LAMP - Language Group

LAMP Seminar
Language and Media Processing Laboratory
Conference Room 4406
A.V. Williams Building
University of Maryland

OCTOBER 12, 1999, 2:00
Dr. Michael Irani

Weizmann Institute of Science, Israel
Multi-Frame Analysis of Information in Video

ABSTRACT

Video is a very rich source of information. It provides *continuous* coverage of scenes over an *extended* region both in time and in space. That is what makes video more interesting than a plain collection images of the same scene taken from different views. Yet most video analysis algorithms do not take advantage of the full power of video data, and usually use information only from a few *discrete* frames or points at any given time.
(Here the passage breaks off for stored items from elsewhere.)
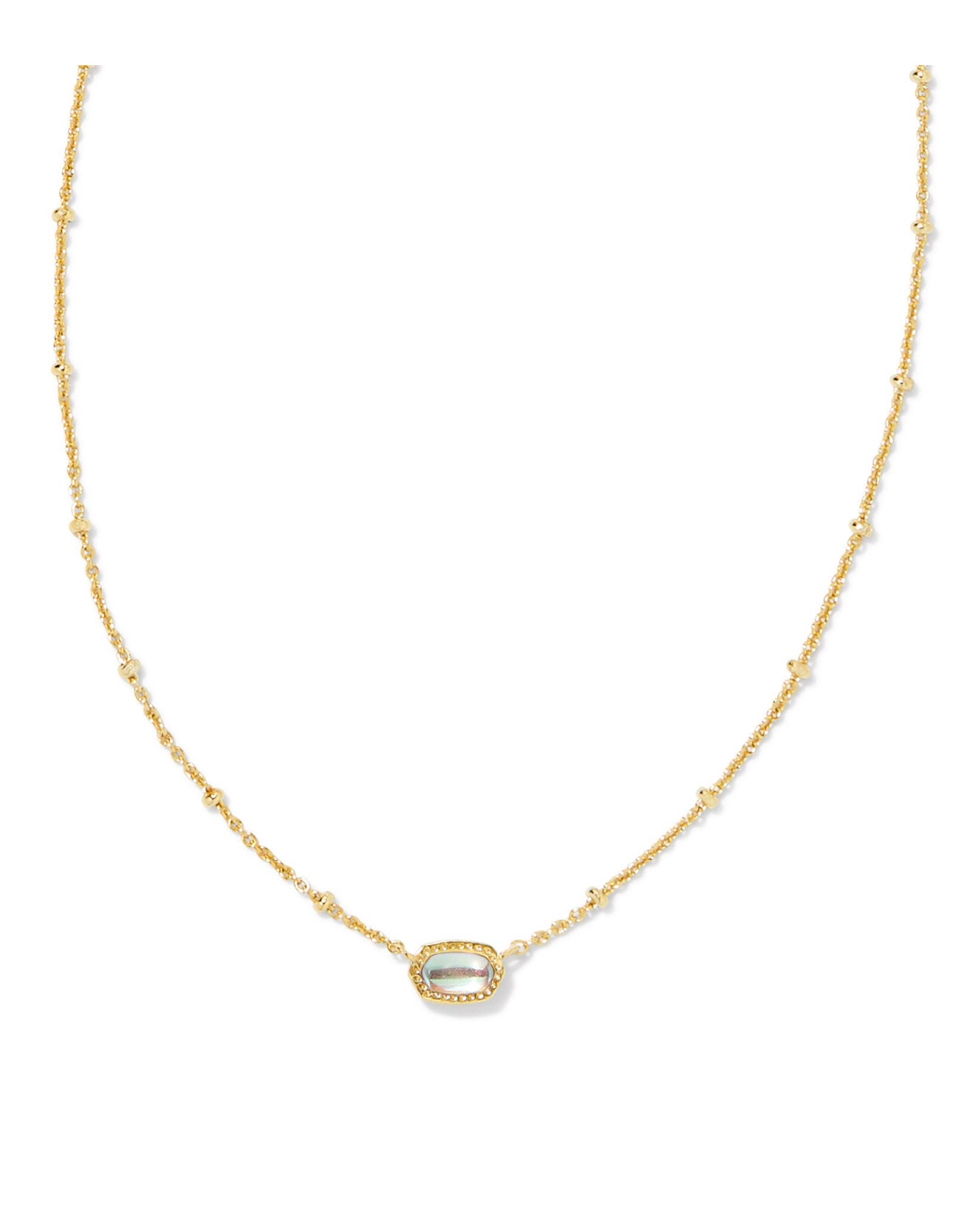 Our bestselling icon goes daintier (and cuter!) than ever in the Mini Elisa Gold Satellite Short Pendant Necklace in Dichroic Glass. Set on a textured satellite chain, this take on our signature shape is perfect for those with a more minimal aesthetic or anyone wanting to add some color to their layers.
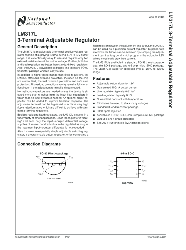 3-Terminal 0.1 A Positive Adjustable Regulator
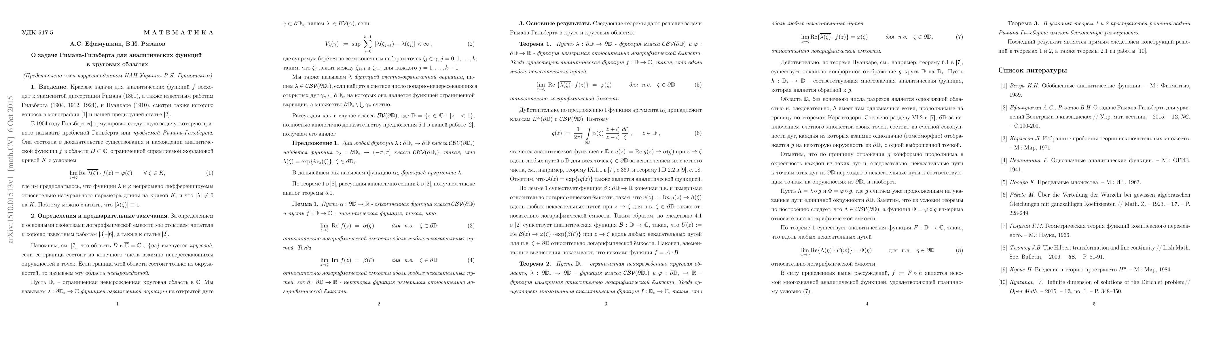 The paper proves the existence of single-valued and multivalent analytic solutions for the Riemann-Hilbert problem in circular domains, demonstrating infinite-dimensional solution spaces with coefficients of sigma-finite variation and measurable boundary data.
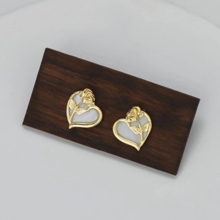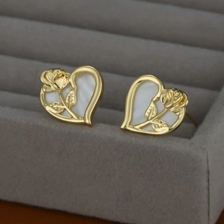 ECARLA kolczyki ze stali szlachetnej platerowanej 14k złotem SERCE RÓŻĄ KST3368
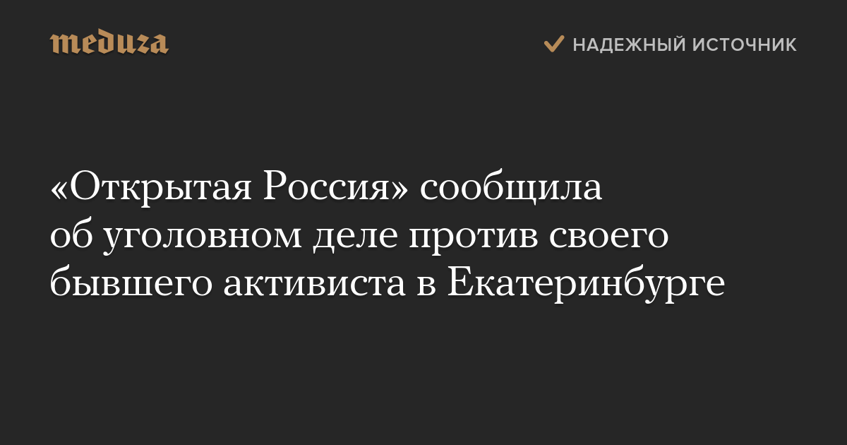 «Открытая Россия» сообщила об уголовном деле против своего бывшего активиста в Екатеринбурге

In this talk I will describe some aspects of our research on multiple-frame video analysis that aims to take advantage of both the continuous acquisition and extended spatio-temporal coverage of video data. First, I will describe a new approach to estimating image correspondences simultaneously across multiple frames. We show that for static (or "rigid") scenes, the correspondences of multiple points across multiple frames lie in low-dimensional subspaces. We use these subspace constraints to *constrain* the correspondence estimation process itself. These subspace constraints are geometrically meaningful and are not violated at depth discontinuities nor when the camera motion changes abruptly. This enables us to obtain dense correspondences *without* using heuristics such as spatial or temporal smoothness assumptions. Our approach applies to a variety of imaging models, world models, and motion models, yet does *not* require prior model selection, nor does it involve recovery of any 3D information. The spatio-temporal scene information contained in video data is distributed across many video frames and is highly redundant by nature. Accurate knowledge of both the continuous as well as the extended spatio-temporal data redundancy can be powerfully exploited to integrate scene information that is distributed across many video frames into compact and coherent scene-based representations. These representations can be very efficiently used to view, browse or index into, annotate, edit and enhance the video data. In the second part of my talk, I will show some demonstrations of video applications, which exploit both the continuous acquisition and the extended coverage of video data. In particular, I will show a live *interactive* demonstration of indexing, browsing, and manipulation of video data, as well as video editing and video enhancement applications.